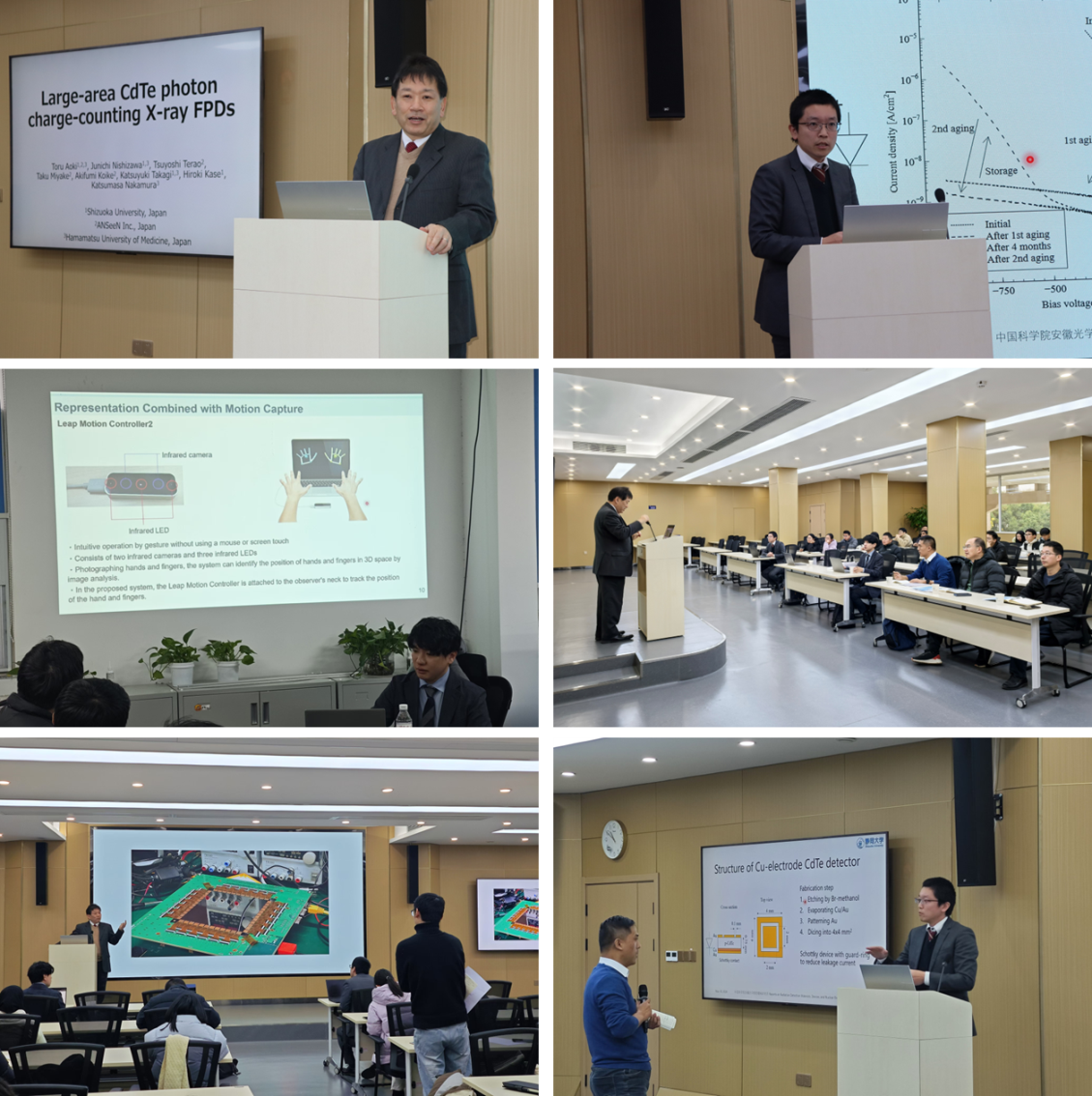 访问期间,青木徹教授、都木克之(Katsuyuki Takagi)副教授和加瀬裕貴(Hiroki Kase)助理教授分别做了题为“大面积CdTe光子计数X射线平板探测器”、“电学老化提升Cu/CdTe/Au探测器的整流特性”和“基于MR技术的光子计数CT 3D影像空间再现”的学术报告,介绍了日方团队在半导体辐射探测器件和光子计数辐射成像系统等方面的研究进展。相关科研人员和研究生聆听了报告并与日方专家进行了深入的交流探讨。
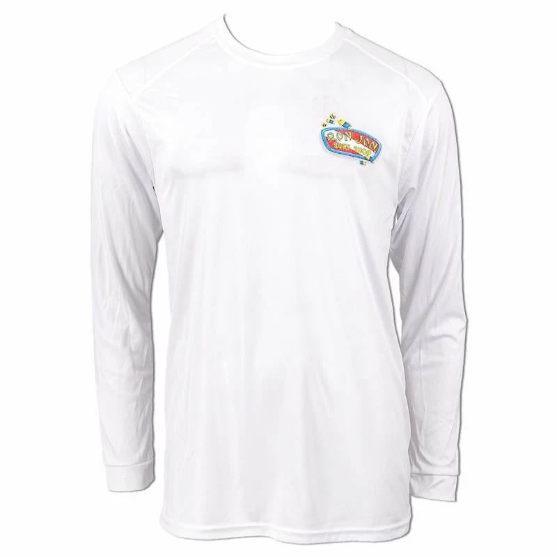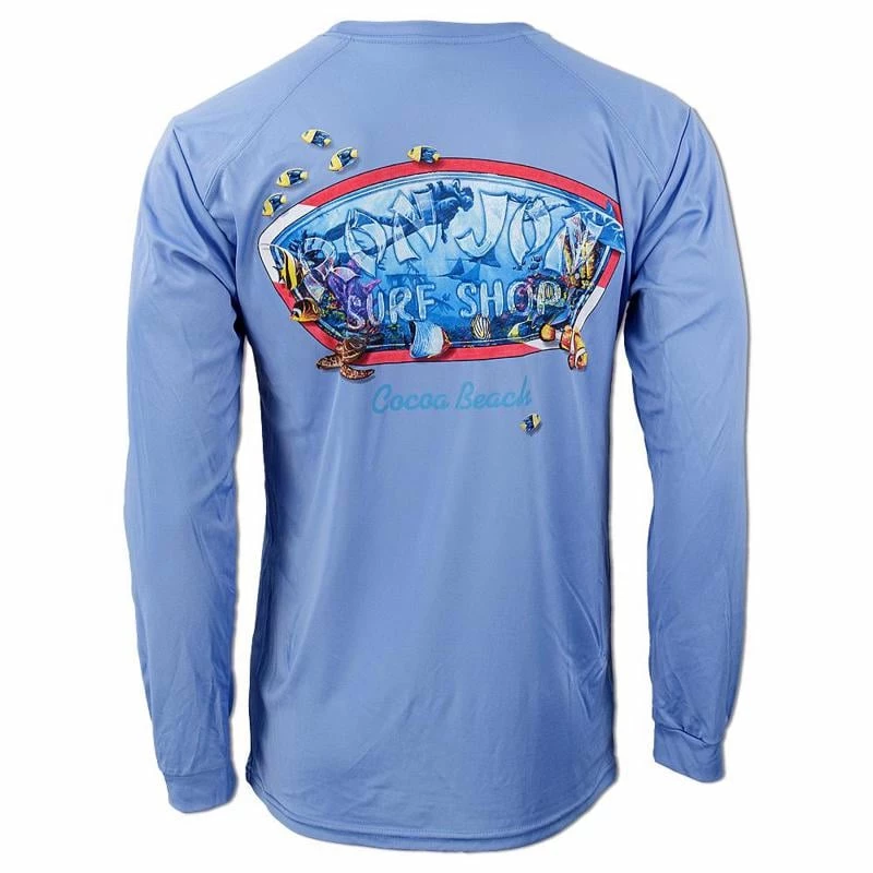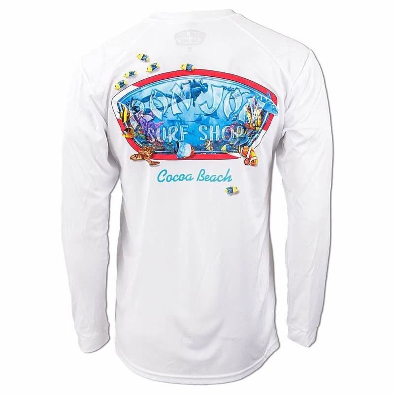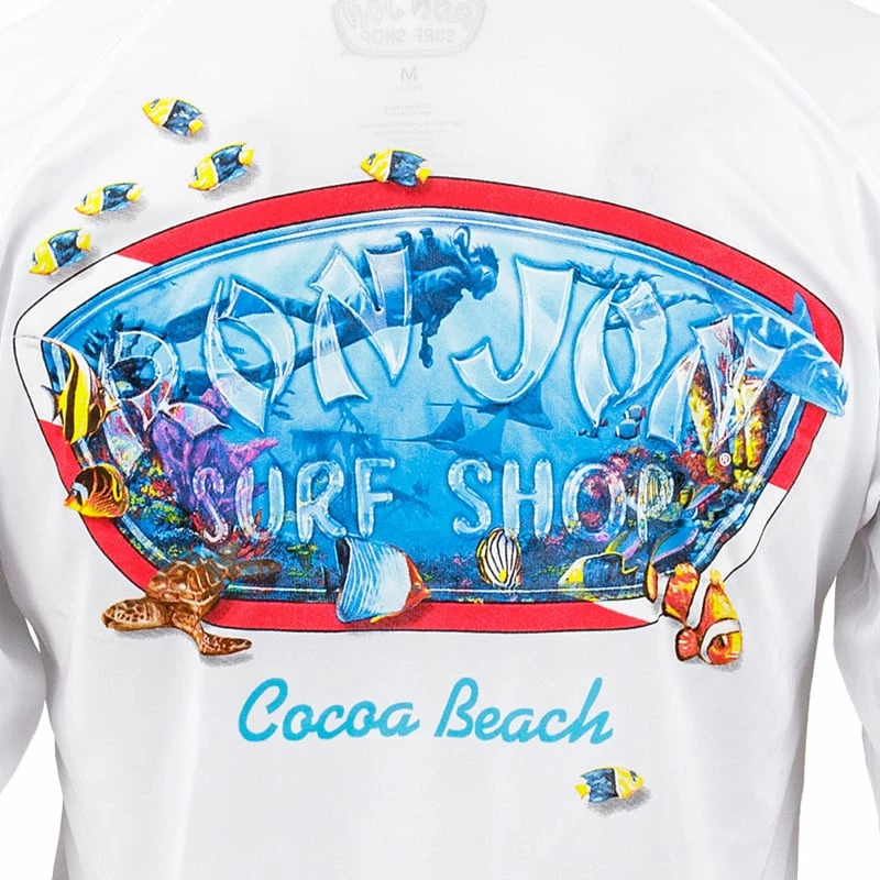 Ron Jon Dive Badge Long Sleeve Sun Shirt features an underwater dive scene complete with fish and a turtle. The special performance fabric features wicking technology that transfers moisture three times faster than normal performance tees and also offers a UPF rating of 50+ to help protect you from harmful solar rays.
_ _ _
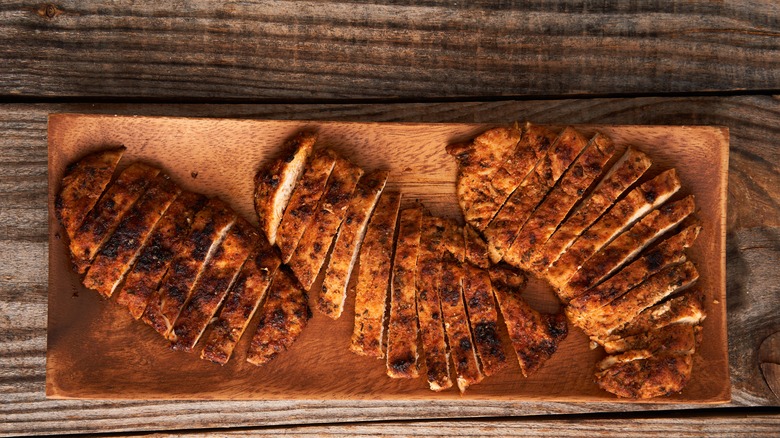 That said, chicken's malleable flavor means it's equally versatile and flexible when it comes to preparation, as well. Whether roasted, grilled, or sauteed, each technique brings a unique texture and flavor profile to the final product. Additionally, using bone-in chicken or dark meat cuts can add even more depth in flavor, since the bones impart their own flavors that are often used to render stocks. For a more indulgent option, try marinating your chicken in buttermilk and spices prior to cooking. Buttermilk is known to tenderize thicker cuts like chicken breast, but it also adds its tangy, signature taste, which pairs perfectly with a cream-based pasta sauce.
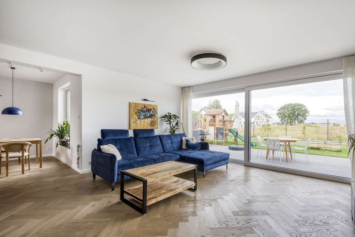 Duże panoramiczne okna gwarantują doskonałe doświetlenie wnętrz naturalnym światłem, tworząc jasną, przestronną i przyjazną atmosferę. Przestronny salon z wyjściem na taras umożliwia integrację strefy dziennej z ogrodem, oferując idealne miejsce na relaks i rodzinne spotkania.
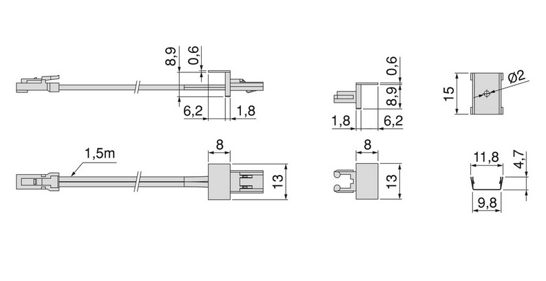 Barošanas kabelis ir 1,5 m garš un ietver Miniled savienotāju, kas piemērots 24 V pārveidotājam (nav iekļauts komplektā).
_ _ _
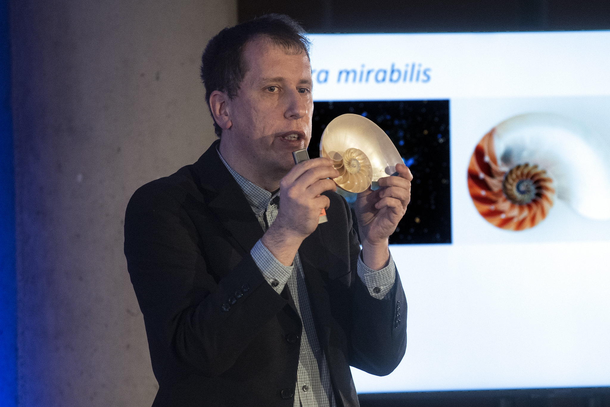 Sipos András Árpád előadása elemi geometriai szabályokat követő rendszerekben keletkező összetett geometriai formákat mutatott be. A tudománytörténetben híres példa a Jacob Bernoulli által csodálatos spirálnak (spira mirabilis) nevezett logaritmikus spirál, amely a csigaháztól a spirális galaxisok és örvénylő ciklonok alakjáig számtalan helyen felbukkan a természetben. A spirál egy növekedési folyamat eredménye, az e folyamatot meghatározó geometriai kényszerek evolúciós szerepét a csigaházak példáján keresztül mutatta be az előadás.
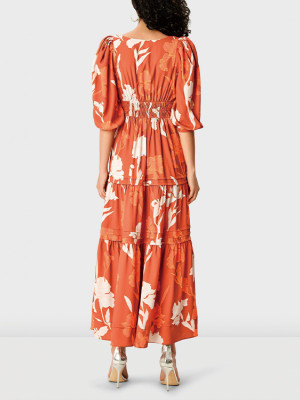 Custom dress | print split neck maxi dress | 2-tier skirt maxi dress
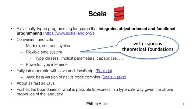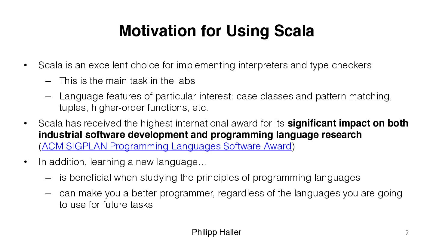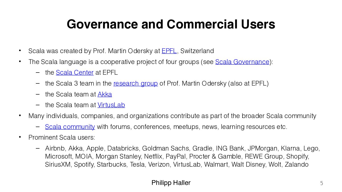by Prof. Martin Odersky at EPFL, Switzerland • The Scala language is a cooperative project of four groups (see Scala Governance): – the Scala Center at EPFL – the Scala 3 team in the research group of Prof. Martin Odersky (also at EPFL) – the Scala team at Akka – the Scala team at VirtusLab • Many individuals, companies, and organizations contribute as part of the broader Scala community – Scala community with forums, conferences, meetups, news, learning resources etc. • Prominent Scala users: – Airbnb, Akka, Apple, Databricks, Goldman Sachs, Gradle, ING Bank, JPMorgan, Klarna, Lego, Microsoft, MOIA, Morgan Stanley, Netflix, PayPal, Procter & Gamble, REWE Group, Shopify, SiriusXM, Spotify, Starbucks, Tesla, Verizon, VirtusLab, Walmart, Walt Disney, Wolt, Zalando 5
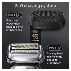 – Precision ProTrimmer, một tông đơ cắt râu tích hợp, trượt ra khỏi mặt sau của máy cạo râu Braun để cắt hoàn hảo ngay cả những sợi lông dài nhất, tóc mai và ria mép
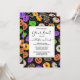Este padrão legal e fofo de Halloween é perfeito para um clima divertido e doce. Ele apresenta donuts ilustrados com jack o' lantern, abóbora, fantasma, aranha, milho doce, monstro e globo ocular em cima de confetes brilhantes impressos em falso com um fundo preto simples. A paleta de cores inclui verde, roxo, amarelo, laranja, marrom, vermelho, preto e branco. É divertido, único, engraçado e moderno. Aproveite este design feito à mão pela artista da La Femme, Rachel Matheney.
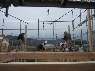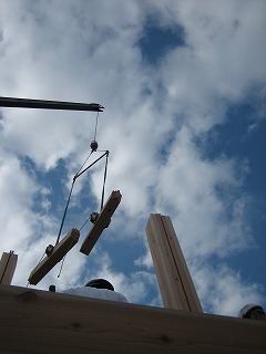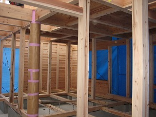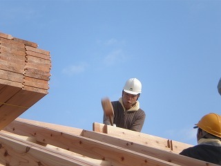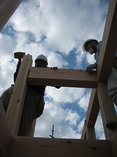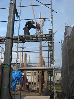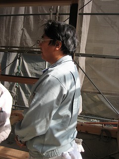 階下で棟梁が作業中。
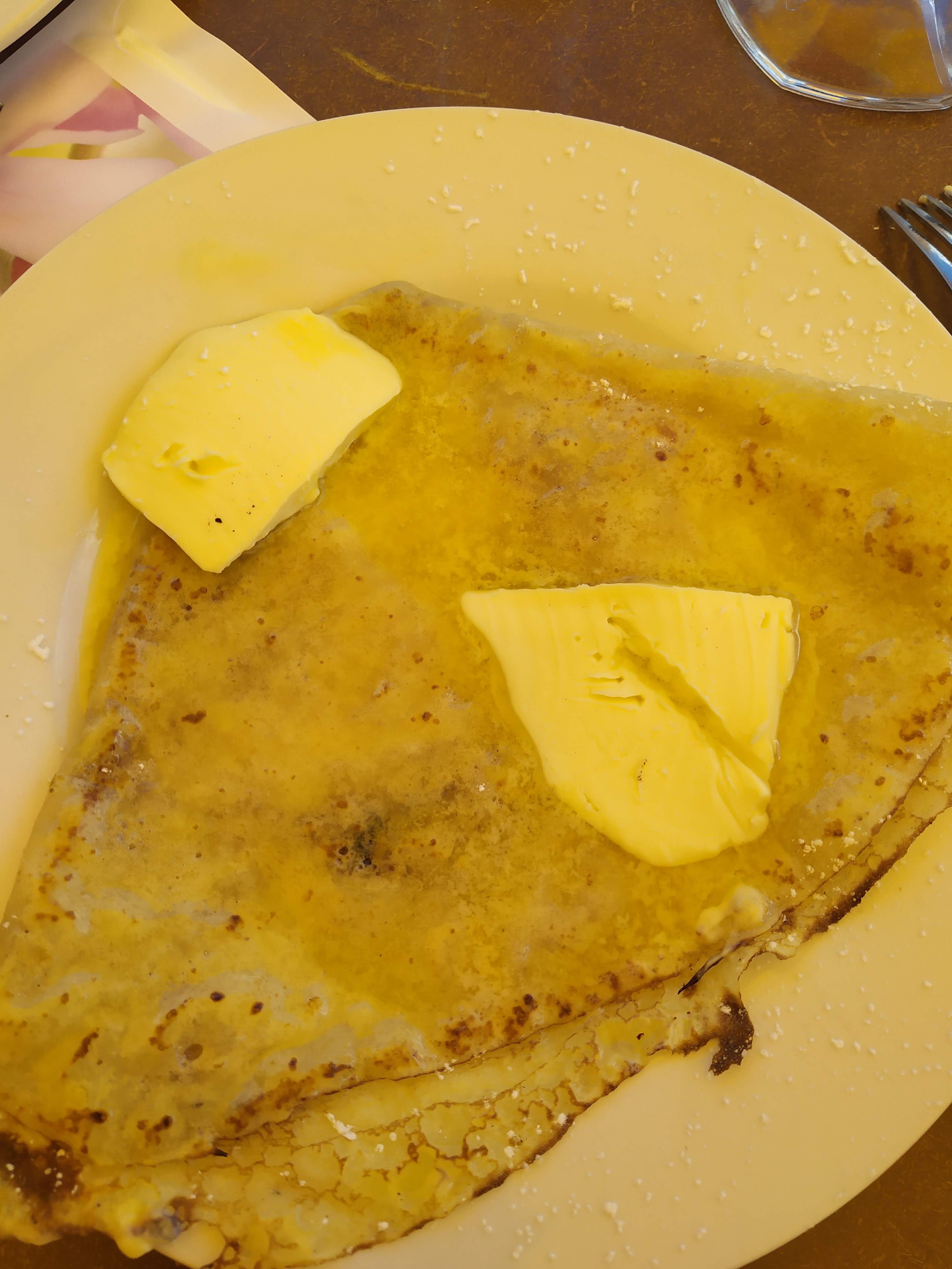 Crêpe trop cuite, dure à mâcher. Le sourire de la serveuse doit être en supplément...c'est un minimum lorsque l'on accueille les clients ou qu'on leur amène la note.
_ _ _
→ DESCRIPTION OF THE TASK
In the listing above, find the line containing "mai và ria mép" and the line containing "Crêpe trop cuite, dure"; print those lines and every line between them exactly, leaving out pictures.

→ RESULT OF THE TASK
 – Precision ProTrimmer, một tông đơ cắt râu tích hợp, trượt ra khỏi mặt sau của máy cạo râu Braun để cắt hoàn hảo ngay cả những sợi lông dài nhất, tóc mai và ria mép
Este padrão legal e fofo de Halloween é perfeito para um clima divertido e doce. Ele apresenta donuts ilustrados com jack o' lantern, abóbora, fantasma, aranha, milho doce, monstro e globo ocular em cima de confetes brilhantes impressos em falso com um fundo preto simples. A paleta de cores inclui verde, roxo, amarelo, laranja, marrom, vermelho, preto e branco. É divertido, único, engraçado e moderno. Aproveite este design feito à mão pela artista da La Femme, Rachel Matheney.
 階下で棟梁が作業中。
 Crêpe trop cuite, dure à mâcher. Le sourire de la serveuse doit être en supplément...c'est un minimum lorsque l'on accueille les clients ou qu'on leur amène la note.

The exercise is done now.